PROVIDED RECORDS: Begin

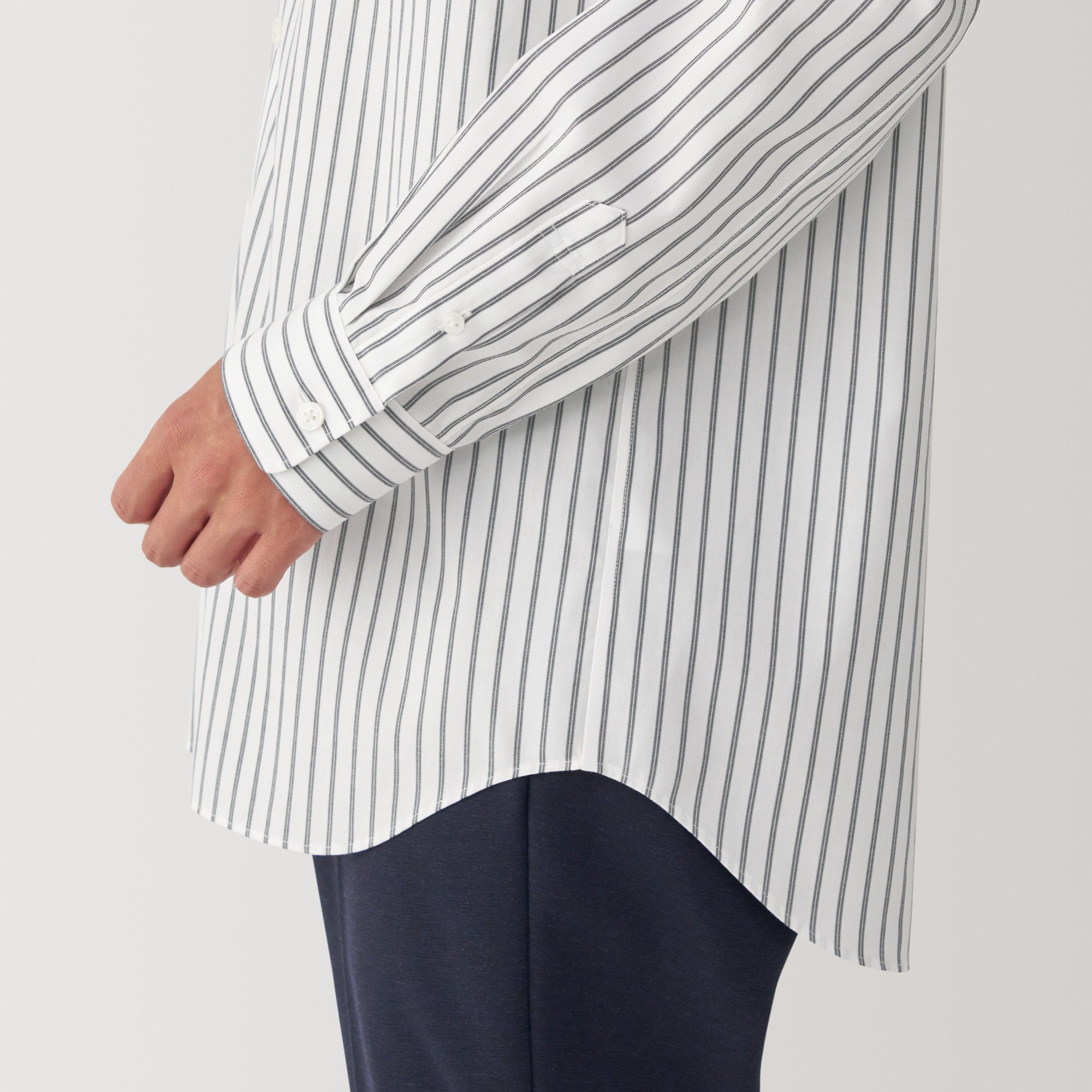 A regular collar business shirt made of 100% cotton that doesn’t need ironing. It has been treated to stay wrinkle-free and has special tape in the seams to reduce wrinkles. The collar height is ideal for wearing with a tie. and the length is perfect for tucking in.
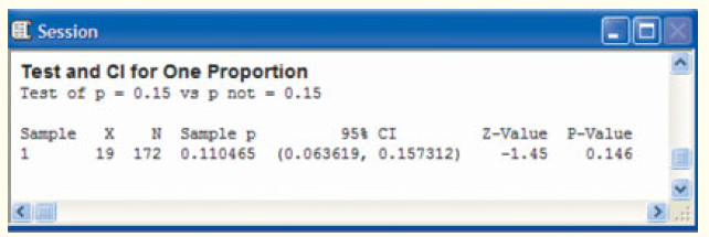(d) Do these data give convincing evidence that the actual population proportion differs from 0.15? Justify your answer with appropriate evidence.
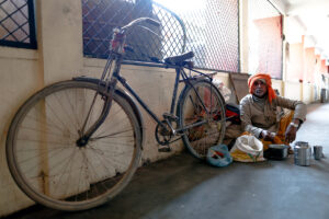 धर्मशालामा पुगेपछि साइकल पनि सिंढी चढाएर ‘प्यासेज’ मा पुर्याए। “हिजो राति यहीं सुतेको,” साइकल अड्याउँदै उनले मार्बल बिछ्याएको भुइँमा ओछ्यान देखाए। भोलि पल्टको पेशीमा हाजिरी लगाउन अझै एक रात त्यहीं बस्ने पनि उनले सुनाए।
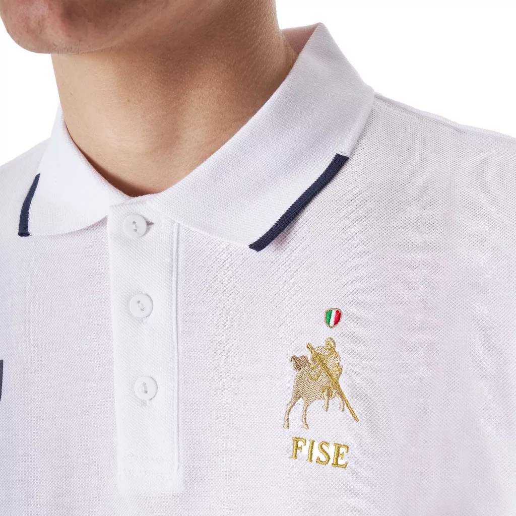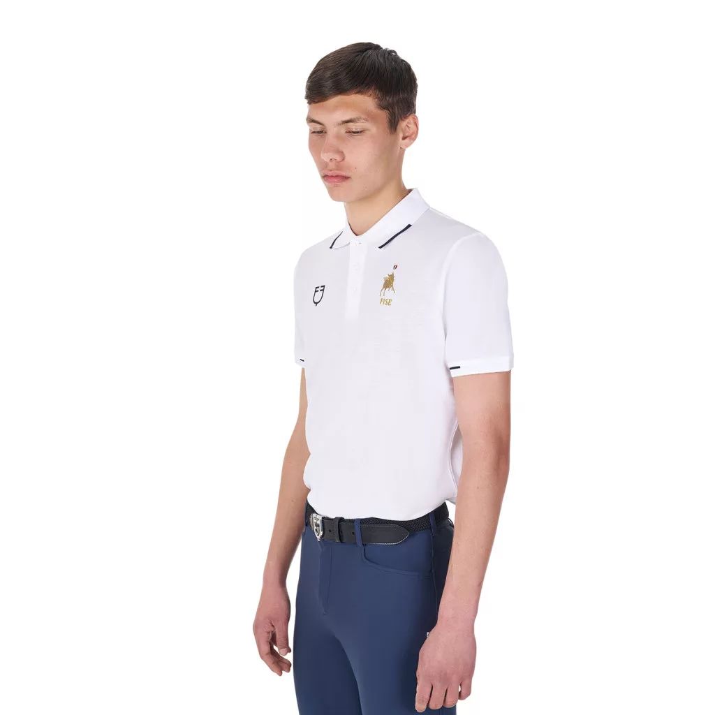 Férfi háromgombos edzőpóló Equestro X FISEEz a fehér edzőpóló nemcsak divatos, hanem rendkívül praktikus is!
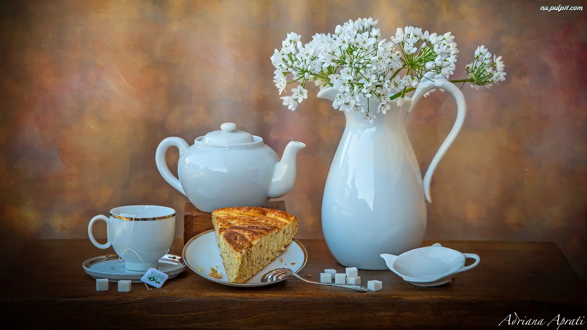 Ciasto, Białe, Filiżanka, Dzbanek, Kwiaty, Kompozycja, Imbryk Na Pulpit
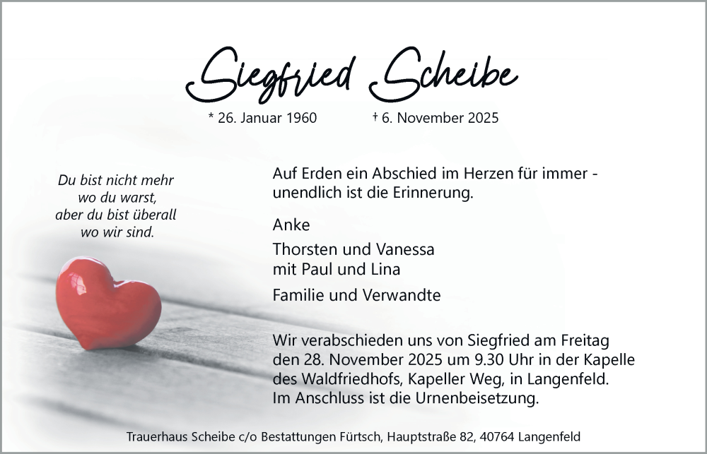 Hier finden Sie alle Traueranzeigen aus der Zeitung, die bisher für Siegfried Scheibe erschienen sind. Weitere Traueranzeigen, die in der Zeitung erscheinen, werden hier ebenfalls aufgelistet
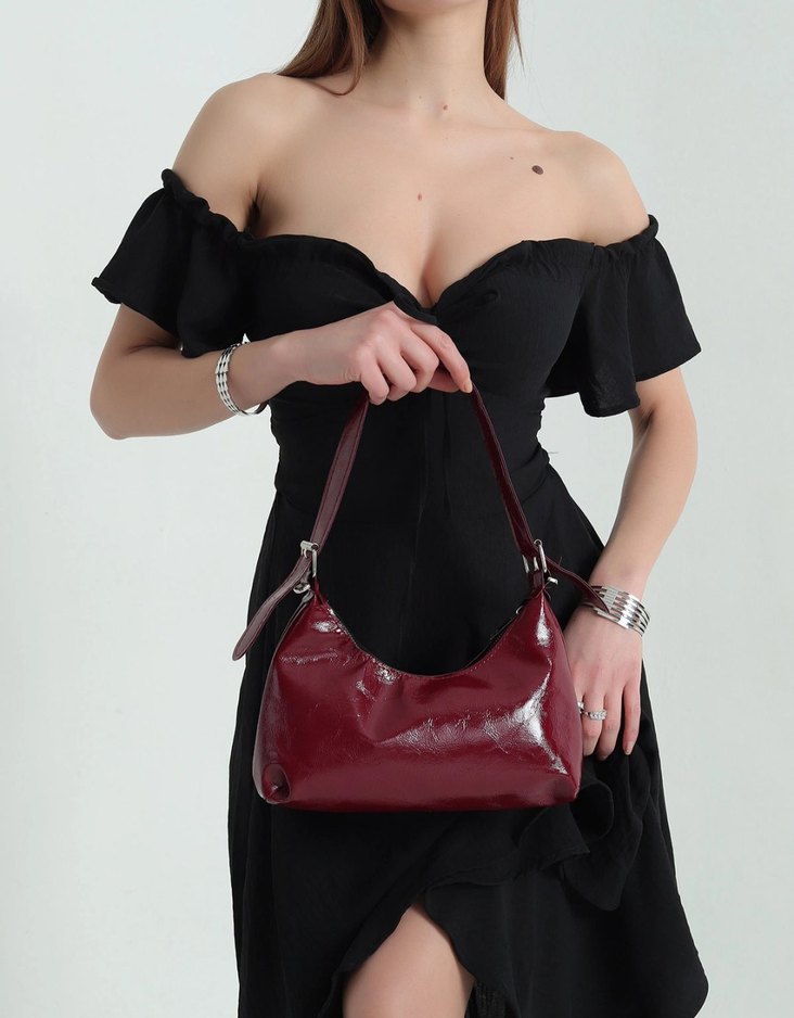 Bordo Kırışık Rugan El ve Kol Çantası
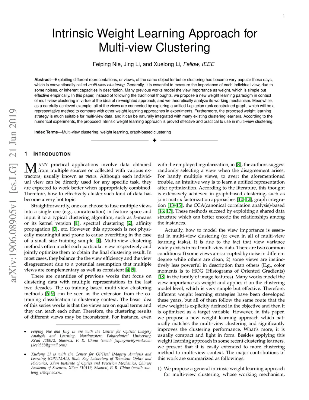 Intrinsic Weight Learning Approach for Multi-view Clustering
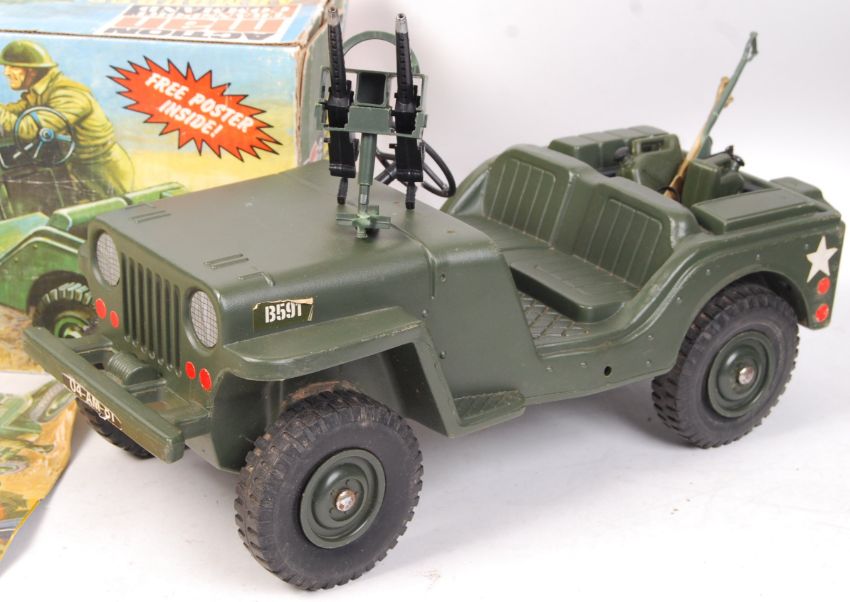 An original vintage rare Action Man ' Transport Command ' ' Armoured Jeep ' Palitoy action figure playset. Within the original box (stars uncut). Largely complete with accessories - missing a net and the machine gun mount. Boxed. With the original ' Free Poster ' present.
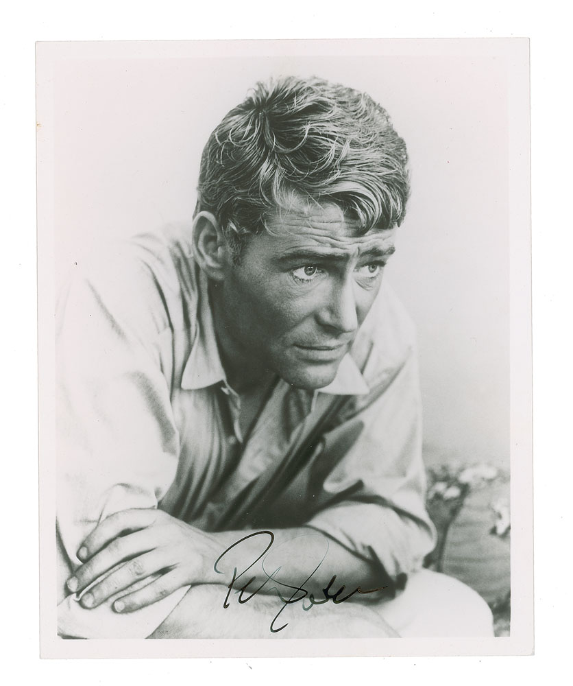 Glossy 8 x 10 photo of Peter O'Toole in a handsome early pose with folded arms, signed in black ink. In fine condition.
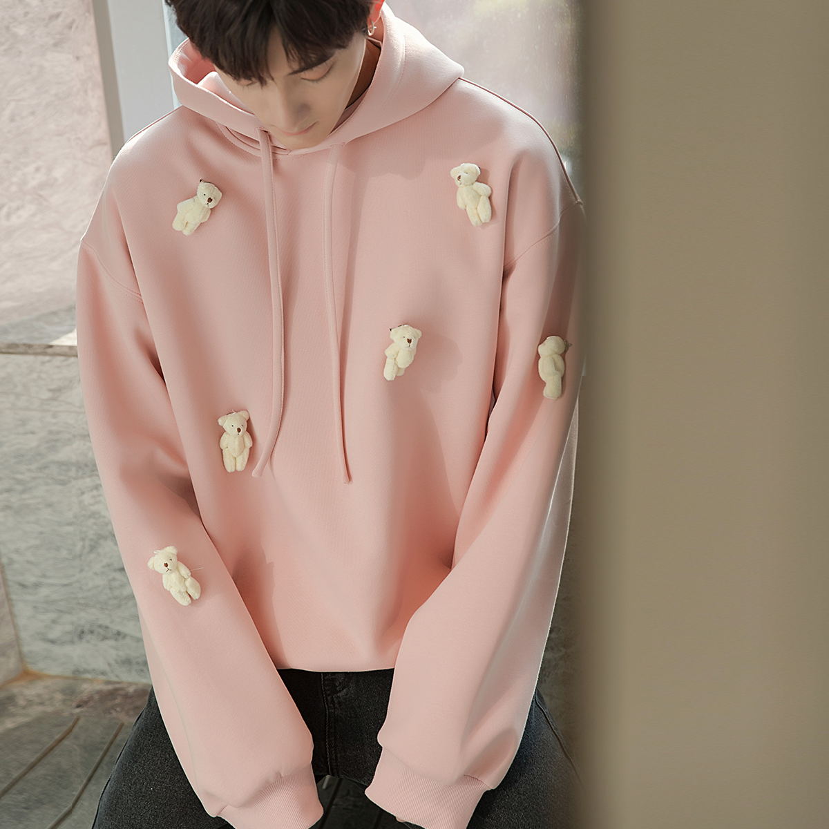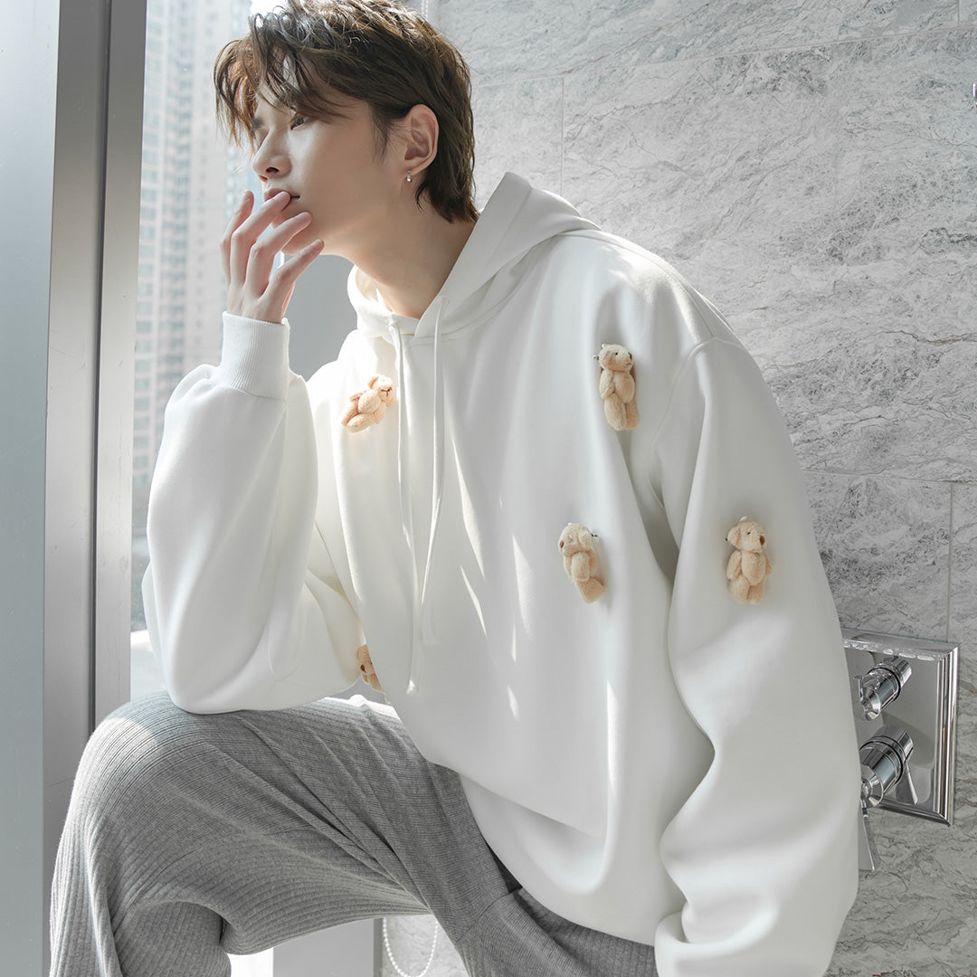 CHIC ERRO Chic Erro spring casual long-sleeved loose design cute three-dimensional white bear sweater men's hooded trend

PROVIDED RECORDS: End

WHAT IS NEEDED:
Could you reproduce exactly, and only, the lines from the start of the records through the line containing "(d) Do these", leaving out the pictures?

PROBLEM SOLUTION:
 A regular collar business shirt made of 100% cotton that doesn’t need ironing. It has been treated to stay wrinkle-free and has special tape in the seams to reduce wrinkles. The collar height is ideal for wearing with a tie. and the length is perfect for tucking in.
(d) Do these data give convincing evidence that the actual population proportion differs from 0.15? Justify your answer with appropriate evidence.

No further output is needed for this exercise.